Leena stares over the rim of her glass at Safa, their familiar eyes lock onto one another. Living next door to each other in Syria has meant their eyes have witnessed a parallel life, Leena being several years older than Safa meant she was often her guide. Their family homes were side by side, with fruit trees and space enough to roam. This life they knew was ravaged by war but had previously been calm, humble but prosperous. Safa and Leena understood the world through each other.

Leena took the hand of her friend, gently massaging the fingers and the palm, rubbing and pushing at the flesh.

Leena pauses before revealing:

– I miscarried again.

– What? When?

– A week ago.

– Why didn’t you tell me? I didn’t know you were pregnant.

– Because of the miscarriages I’d already had, I didn’t think this pregnancy would last.

– Oh Leena, I’m so relieved you’re OK, Alhamdulilah,

– Rami lost his job, he was getting exploited there but of course we need the money, the Jordanian workers were getting paid double what he earned and then they fired him for a minor mistake. Maybe he doesn’t really want another baby and maybe the baby didn’t want to be here either.

– The baby would have been lucky to have you. How is Rami?

– He’s miserable, he goes out looking for work but hasn’t had luck yet. He’s stopped helping so much and I’ve stopped asking. I was carrying something heavy up some stairs and that’s when I felt the stabbing pain.

– Oh Leena, I’m so sorry. I thought you were on the pill?

– Yes but I forget sometimes, I don’t mean to, I would prefer to not have anymore children either but I forget and it seems it’s Allah’s wish as at the times I forget, I get pregnant.

– I understand.
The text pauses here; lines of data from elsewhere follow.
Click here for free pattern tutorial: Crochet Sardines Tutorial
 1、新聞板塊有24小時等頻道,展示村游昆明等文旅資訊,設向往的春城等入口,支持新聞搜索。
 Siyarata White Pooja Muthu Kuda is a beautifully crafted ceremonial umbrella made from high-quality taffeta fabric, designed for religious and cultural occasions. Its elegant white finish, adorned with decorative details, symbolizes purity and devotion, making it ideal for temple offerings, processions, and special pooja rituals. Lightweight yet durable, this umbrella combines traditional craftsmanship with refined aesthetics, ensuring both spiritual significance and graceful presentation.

Do your in-laws know about Rami’s job?

– Yes and they’re trying to help.

– I will ask Omar also.

– I don’t want to bother you with such things, you have enough to think about.

– But I have enough space to think about you.
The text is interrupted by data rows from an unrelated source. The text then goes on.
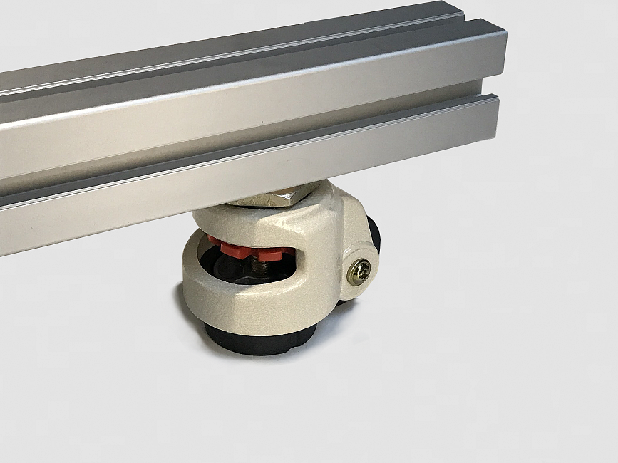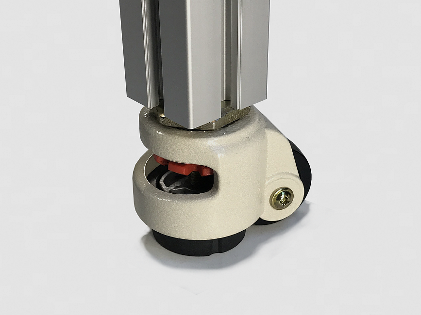 Колесо самоустанавливающееся с диаметром колеса 52 мм, рассчитанное под нагрузки до 250 кг. Главная конструктивная особенность - возможность самостоятельно менять высоту опоры для точной регулировки конструкции. Наличие накладки обеспечивает возможность регулировки при выравнивании, гарантируя безопасность позиционирования. Общая высота 80 мм + 10 мм.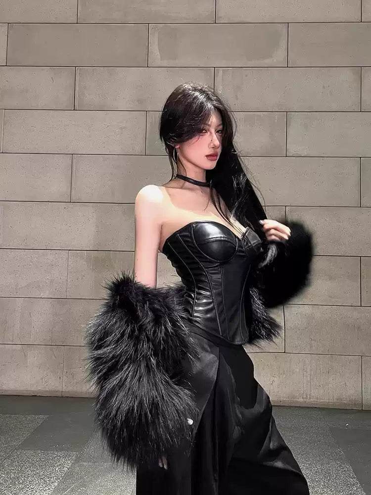 เกาะอกโครงหนัง PU สีดำ ฟิตเข้ารูป สไตล์สาวแซ่บ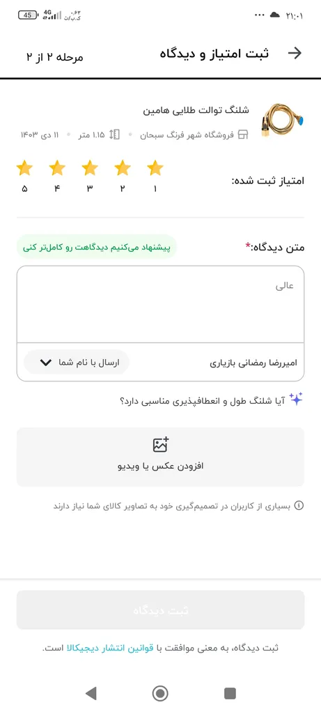- ⬤ قیمت : قیمت مناسب نسبت به کیفیت، یکی از عوامل مهم در انتخاب شلنگ است. خریداران به دنبال شلنگهایی با قیمت معقول و کیفیت بالا هستند و این نکته در نظرات آنها به وضوح دیده میشود.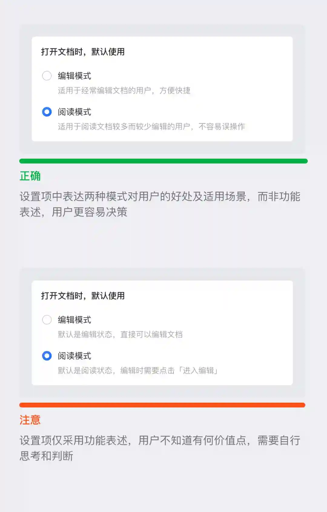 无论功能默认开启或关闭,设置项都应该表述为开启功能带来的结果及价值。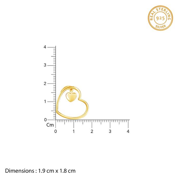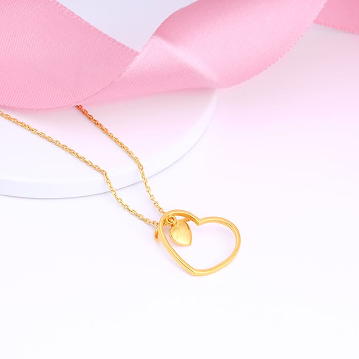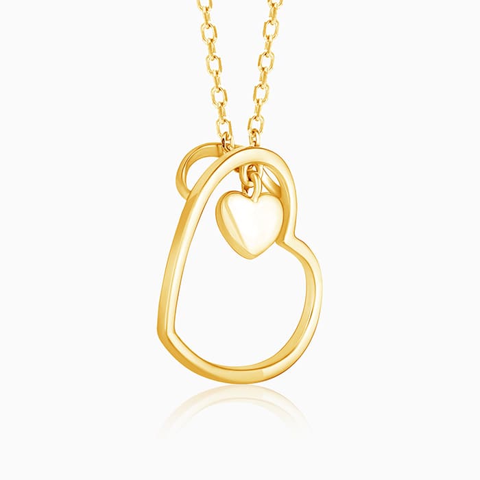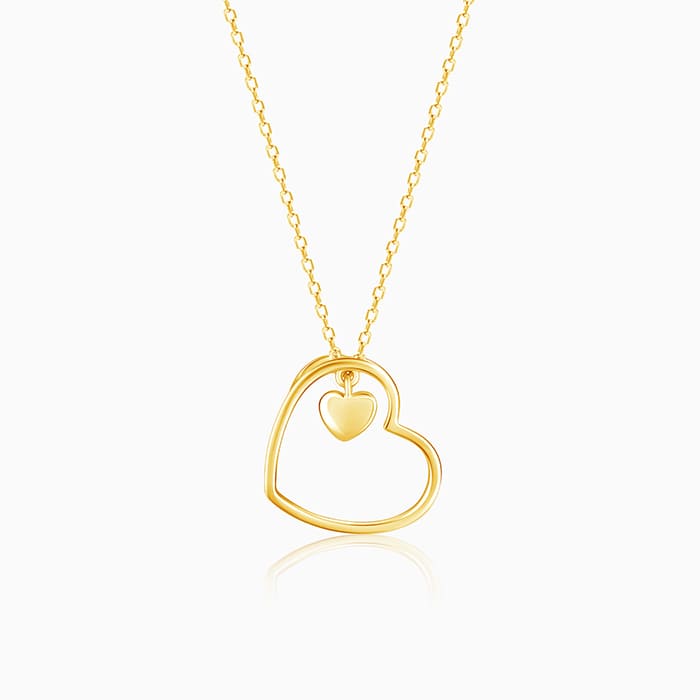The gold pendant has a diagonal heart charm encircling a smaller heart swaying and swirling.

Safa scans her mind for something concrete to suggest besides prayer.

Safa scans her mind for something concrete to suggest besides prayer. Rami has always been kind and proactive,she knows he will find something soon but will it be soon enough. Perhaps Omar can help. Safa’s father had always taken this role of making sure people were taken care of. He would have done his best for Leena, she was another daughter to him. May he rest in peace.

Leena helps Safa up, pulling her from the ground to a standing position. The warm breeze blows through the curtains. They go to the door to look out on the children. A group of kids race around the street, weaving in and out of parked cars causing a blur of movement. At the end of the block, Rami and Omar turn the corner into the street, walking together as they make their way home. Both with tired, smiling eyes, extending their arms to their children as they approach.
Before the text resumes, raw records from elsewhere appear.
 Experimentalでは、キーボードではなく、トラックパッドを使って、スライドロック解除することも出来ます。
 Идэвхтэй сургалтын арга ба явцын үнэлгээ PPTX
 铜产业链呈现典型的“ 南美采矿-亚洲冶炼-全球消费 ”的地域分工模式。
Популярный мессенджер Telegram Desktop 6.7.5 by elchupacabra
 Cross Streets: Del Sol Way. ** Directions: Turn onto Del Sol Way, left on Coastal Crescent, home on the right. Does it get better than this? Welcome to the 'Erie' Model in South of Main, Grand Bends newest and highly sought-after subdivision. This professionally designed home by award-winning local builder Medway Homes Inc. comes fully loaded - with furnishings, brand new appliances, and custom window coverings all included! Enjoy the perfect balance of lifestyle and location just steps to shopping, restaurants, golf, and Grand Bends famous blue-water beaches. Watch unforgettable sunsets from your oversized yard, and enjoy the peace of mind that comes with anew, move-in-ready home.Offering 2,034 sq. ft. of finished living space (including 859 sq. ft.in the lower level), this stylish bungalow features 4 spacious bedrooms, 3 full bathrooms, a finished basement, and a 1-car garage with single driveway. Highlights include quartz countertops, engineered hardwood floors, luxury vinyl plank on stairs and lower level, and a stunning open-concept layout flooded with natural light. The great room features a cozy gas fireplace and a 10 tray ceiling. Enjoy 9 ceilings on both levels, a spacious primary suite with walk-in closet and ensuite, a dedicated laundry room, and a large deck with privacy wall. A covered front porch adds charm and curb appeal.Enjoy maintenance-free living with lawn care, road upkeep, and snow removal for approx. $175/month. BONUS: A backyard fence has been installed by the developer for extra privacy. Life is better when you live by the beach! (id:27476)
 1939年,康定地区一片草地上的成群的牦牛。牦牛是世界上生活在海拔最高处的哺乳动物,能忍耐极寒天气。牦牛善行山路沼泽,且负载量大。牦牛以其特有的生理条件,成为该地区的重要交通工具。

Safa and Leena are inspired by the many interviews generously and bravely given by women in Jordan in 2018. A fictional account has been written in order to preserve privacy. Safa and Leena exist as an ode to the stories, experiences and characteristics of some but not all displaced women from Syria currently living in Jordan, the research was centred around early marriage, sexual health and reproduction.